We now distinguish two cases, namely \(8x-2>0\) and \(8x-2<0\).
In both cases we multiply the inequality on both sides by \(8x-2\) because we then get a linear inequality, for which we know there is a solution method.

Suppose \(8x-2>0\), i.e. \(x> {{1}\over{4}}\). Then we get \(6<-5(8x-2)\).
When we move everything with \(x\) to the left and all constant terms to the right, we get \(40x<4\).
Then, dvision by the coefficient of \(x\)gives \(x < {{1}\over{10}}\).
So we have the following system of inequalities: \(x> {{1}\over{4}}\,\wedge\; x < {{1}\over{10}}\)
and this simplifies to \(\text{an empty solution set}\).

Suppose \(8x-2<0\), i.e. \(x< {{1}\over{4}}\).

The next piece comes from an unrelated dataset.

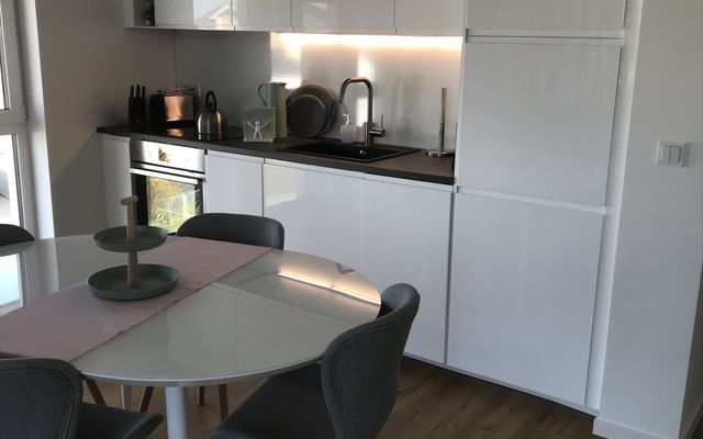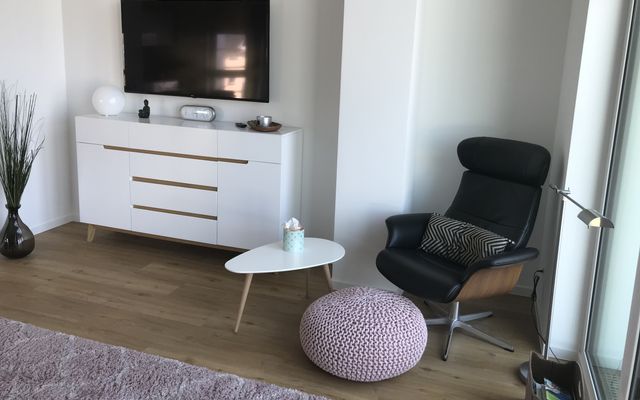 Die Ferienwohnung "schön gestrandet" befindet sich im 2018 errichteten "Bodden-Markt Glowe" im Ortszentrum des Erholungsortes. Die Wohnung bietet auf ca. 80qm Wohnfläche einen modernen, aber gemütlichen Wohnraum mit integrierter Küche, zwei Schlafräume, ein Bad mit Dusche und ein Gäste WC. Im Hauptschlafzimmer erleben Sie Ihre Träume in einem Boxspringbett mit durchgehender Matratze (180x200), das Kinderzimmer verfügt über ein Bett, welches auf eine Größe von 160x200 ausgezogen werden kann. Zwei große Balkone, auf denen sie wahlweise morgens oder abends die Sonne genießen, bieten zudem einen tollen Blick aufs Meer. Zur Wohnung gehört ein Tiefgaragenplatz und direkt im Haus steht eine große Gemeinschaftssauna mit Relaxbereich zur Verfügung.

Then we get \(6>-5(8x-2)\).
When we move everything with \(x\) to the left and all constant terms to the right, we get \(40x>4\).
Then, division by the coefficient of \(x\) gives \(x > {{1}\over{10}}\).
So we have the following system of inequalities: \(x< {{1}\over{4}}\,\wedge\; x > {{1}\over{10}}\)
and this simplifies to \({{1}\over{10}}\lt x\lt {{1}\over{4}}\).

The solution of the original inequality is \({{1}\over{10}}\lt x\lt {{1}\over{4}}\).